TASK TO COMPLETE: Without including any pictures, give back all of the data exactly.

(Dataset excerpts)
====================

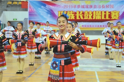 图为11月14日,该县教育局举办的第二届全县中小学生校园瑶族长鼓操比赛活动现场。
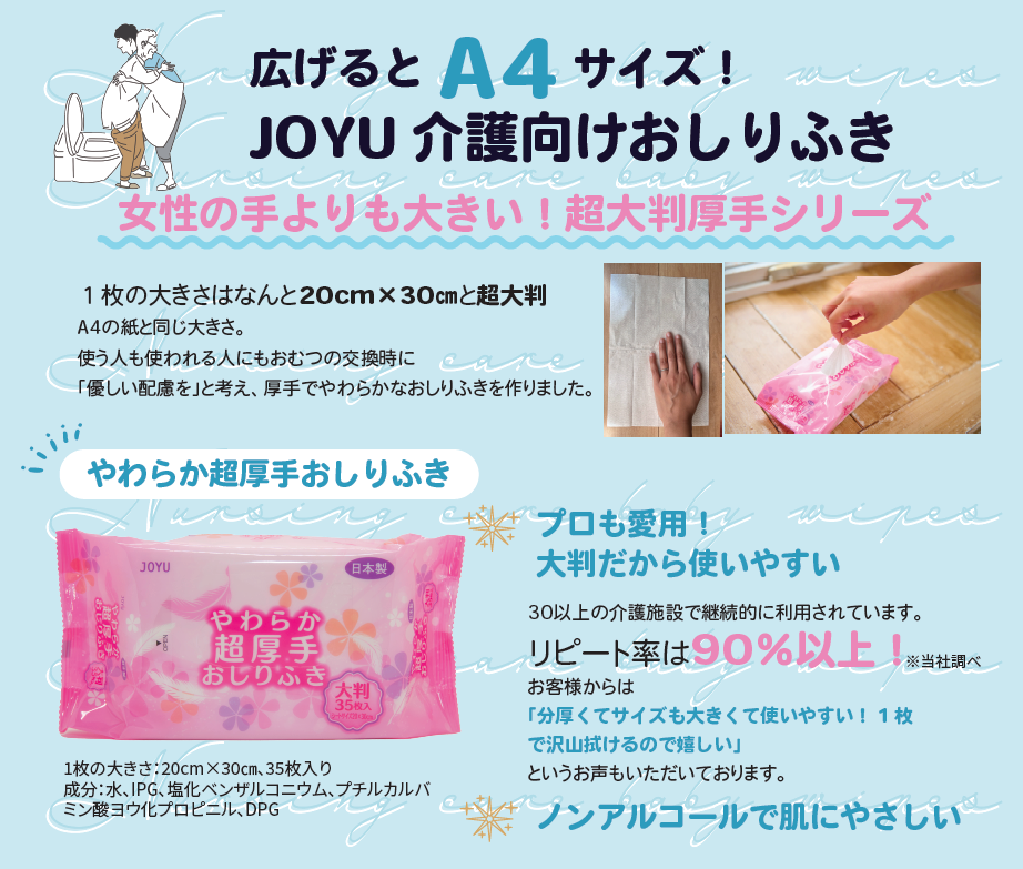 Amazonでも大好評なJOYUシリーズの介護用おしりふき。 お試しいただきやすい3個パックでの販売もスタートしました。
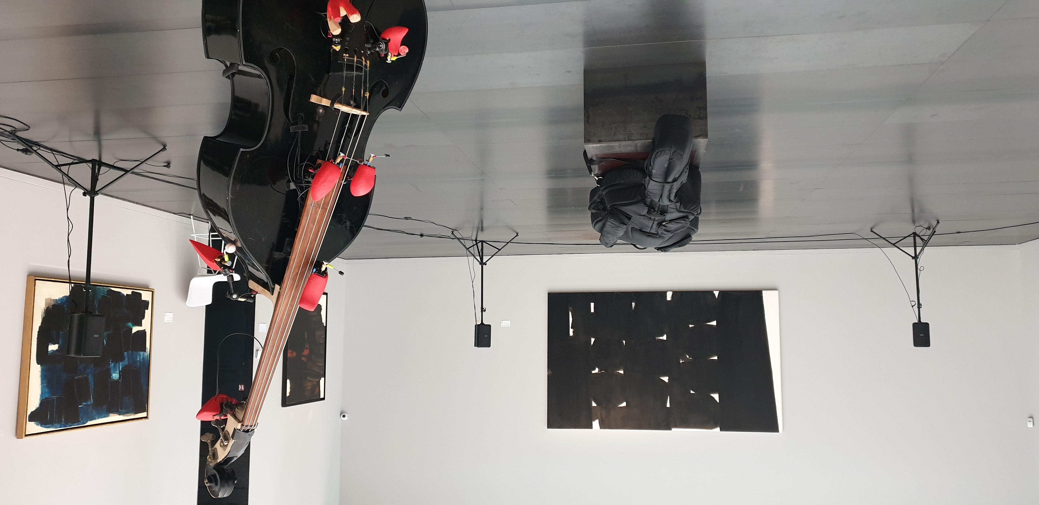 L'installation en octophonie donne la sensation de voyager à l'intérieur de la contrebasse augmentée.
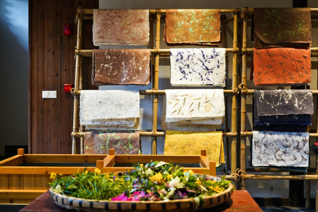 花草纸是源于 中国 最古老的手工造纸法制造出来的纸张,一度得到人们的追捧和喜爱。在乌江寨的乌纸坊,以植物入纸作画的传统古纸工艺,令人耳目一新。每个人的心中,多多少少都会有天马行空的想法。诠释内心的情感,取自然界中的花草,以此为媒,描写心中的美好事物。
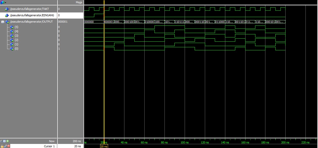 Ich möchte pseudenzufallsgenerator mittels VHDL entwerfen. irreduzibles Polynom: x^6 + x^5 + x^3 + x^2 + 1 (1101101) Aber irgendwie scheint es falsch zu sein. Was ist denn falsch? VHDL-CODE: entity pseudenzufallsgenerator is port( TAKT : in bit; EINGANG : in bit ); end pseudenzufallsgenerator; architecture arch of pseudenzufallsgenerator is signal Z : bit; signal D : bit_vector(5 downto 0); begin FF: process(TAKT) begin if TAKT'event and TAKT='0' then Z <= D(5); D(5) <= D(4) xor Z; D(4) <= D(3); D(3) <= D(2) xor Z; D(2) <= D(1) xor Z; D(1) <= D(0); D(0) <= EINGANG xor Z; end if; end process FF; end arch;
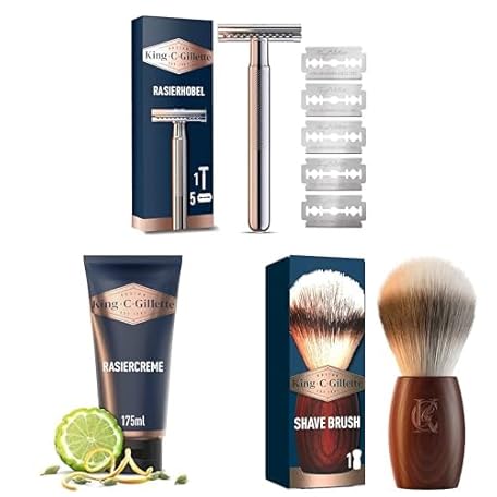 Sản phẩm King C. Gillette Safety Razor + 5 Razor Blades + Original Shaving Cream + Shaving Brush Gift for Men đang được bán với giá ưu đãi là $41.9541 tại nước Đức.
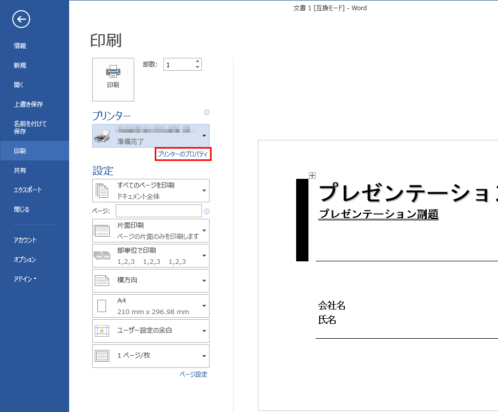 ①アプリケーション(例:Word文書-Office2013-)で[印刷]を押し、
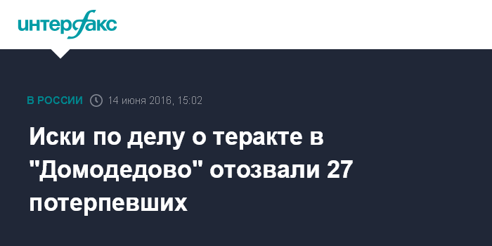 Москва. 14 июня. INTERFAX.RU - Пострадавшие в результате теракта в аэропорту "Домодедово", которые получили выплаты, отозвали свои гражданские иски к руководству аэровокзала.
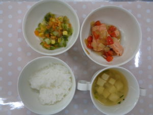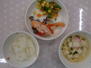 ご飯、さけのレモン蒸し、たまごスープ、レタスサラダ
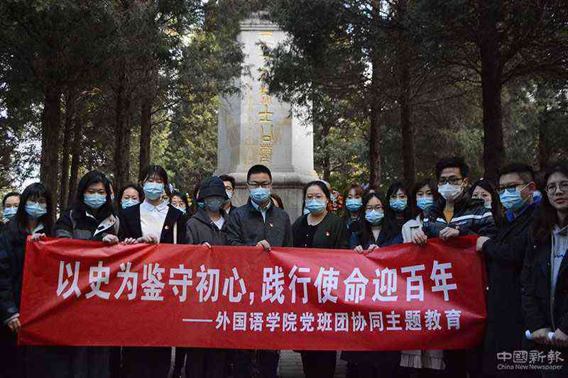4月3日上午,北京科技大學(xué)外國語學(xué)院組織學(xué)生黨員在圓明園“三一八”革命烈士公墓,開展“祭奠先烈魂,傳承英雄志”集體祭奠活動。(學(xué)校供圖)
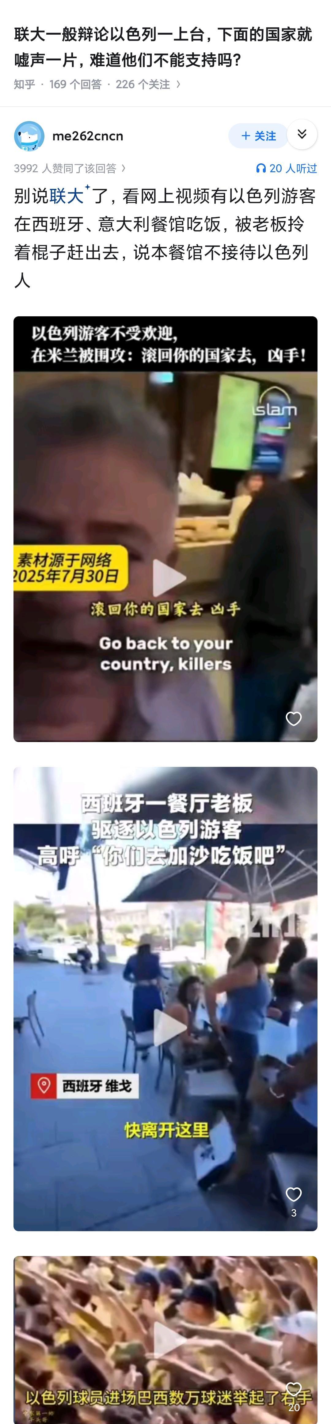 正常人都不会喜欢以色列。 “得道多助失道寡助”的现实体现!能从原来的受害者变成现在这种如过街老鼠一样犹太人也是厉害,不愧是流浪民族。 知小礼而无大义,拘小节而无大德,重末节而轻廉耻,畏威而不怀德,强必寇盗,弱必卑伏。 也难怪几千年了,一个民族都没有自己的国家。 有网友调侃,以色列用三年时间扭转了二战种族屠杀的受害者形象,希特勒本来在地狱待的好好的,有一天突然浑身散发着圣光接引到天堂去了,过了五分钟又因为当初心太善被一脚踢了下来… 说一句大实话,以色列现在在各个国家老百姓中的烂名声,TikTok居功至伟。以前全世界主要媒体都是犹太人控制,所以任何对以色列不好的事情和声音都发不出来。 比如X,推特这种犹太媒体,全世界到现在都不知道以色列到底有多坏。 现在TikTok去中心化,所有人都可以随便发,把以色列所作所为都展现给世界。这就是为什么美国对TikTok恨得不行。

====================

YOUR RESPONSE:
 图为11月14日,该县教育局举办的第二届全县中小学生校园瑶族长鼓操比赛活动现场。
 Amazonでも大好評なJOYUシリーズの介護用おしりふき。 お試しいただきやすい3個パックでの販売もスタートしました。
 L'installation en octophonie donne la sensation de voyager à l'intérieur de la contrebasse augmentée.
 花草纸是源于 中国 最古老的手工造纸法制造出来的纸张,一度得到人们的追捧和喜爱。在乌江寨的乌纸坊,以植物入纸作画的传统古纸工艺,令人耳目一新。每个人的心中,多多少少都会有天马行空的想法。诠释内心的情感,取自然界中的花草,以此为媒,描写心中的美好事物。
 Ich möchte pseudenzufallsgenerator mittels VHDL entwerfen. irreduzibles Polynom: x^6 + x^5 + x^3 + x^2 + 1 (1101101) Aber irgendwie scheint es falsch zu sein. Was ist denn falsch? VHDL-CODE: entity pseudenzufallsgenerator is port( TAKT : in bit; EINGANG : in bit ); end pseudenzufallsgenerator; architecture arch of pseudenzufallsgenerator is signal Z : bit; signal D : bit_vector(5 downto 0); begin FF: process(TAKT) begin if TAKT'event and TAKT='0' then Z <= D(5); D(5) <= D(4) xor Z; D(4) <= D(3); D(3) <= D(2) xor Z; D(2) <= D(1) xor Z; D(1) <= D(0); D(0) <= EINGANG xor Z; end if; end process FF; end arch;
 Sản phẩm King C. Gillette Safety Razor + 5 Razor Blades + Original Shaving Cream + Shaving Brush Gift for Men đang được bán với giá ưu đãi là $41.9541 tại nước Đức.
 ①アプリケーション(例:Word文書-Office2013-)で[印刷]を押し、
 Москва. 14 июня. INTERFAX.RU - Пострадавшие в результате теракта в аэропорту "Домодедово", которые получили выплаты, отозвали свои гражданские иски к руководству аэровокзала.
 ご飯、さけのレモン蒸し、たまごスープ、レタスサラダ
4月3日上午,北京科技大學(xué)外國語學(xué)院組織學(xué)生黨員在圓明園“三一八”革命烈士公墓,開展“祭奠先烈魂,傳承英雄志”集體祭奠活動。(學(xué)校供圖)
 正常人都不会喜欢以色列。 “得道多助失道寡助”的现实体现!能从原来的受害者变成现在这种如过街老鼠一样犹太人也是厉害,不愧是流浪民族。 知小礼而无大义,拘小节而无大德,重末节而轻廉耻,畏威而不怀德,强必寇盗,弱必卑伏。 也难怪几千年了,一个民族都没有自己的国家。 有网友调侃,以色列用三年时间扭转了二战种族屠杀的受害者形象,希特勒本来在地狱待的好好的,有一天突然浑身散发着圣光接引到天堂去了,过了五分钟又因为当初心太善被一脚踢了下来… 说一句大实话,以色列现在在各个国家老百姓中的烂名声,TikTok居功至伟。以前全世界主要媒体都是犹太人控制,所以任何对以色列不好的事情和声音都发不出来。 比如X,推特这种犹太媒体,全世界到现在都不知道以色列到底有多坏。 现在TikTok去中心化,所有人都可以随便发,把以色列所作所为都展现给世界。这就是为什么美国对TikTok恨得不行。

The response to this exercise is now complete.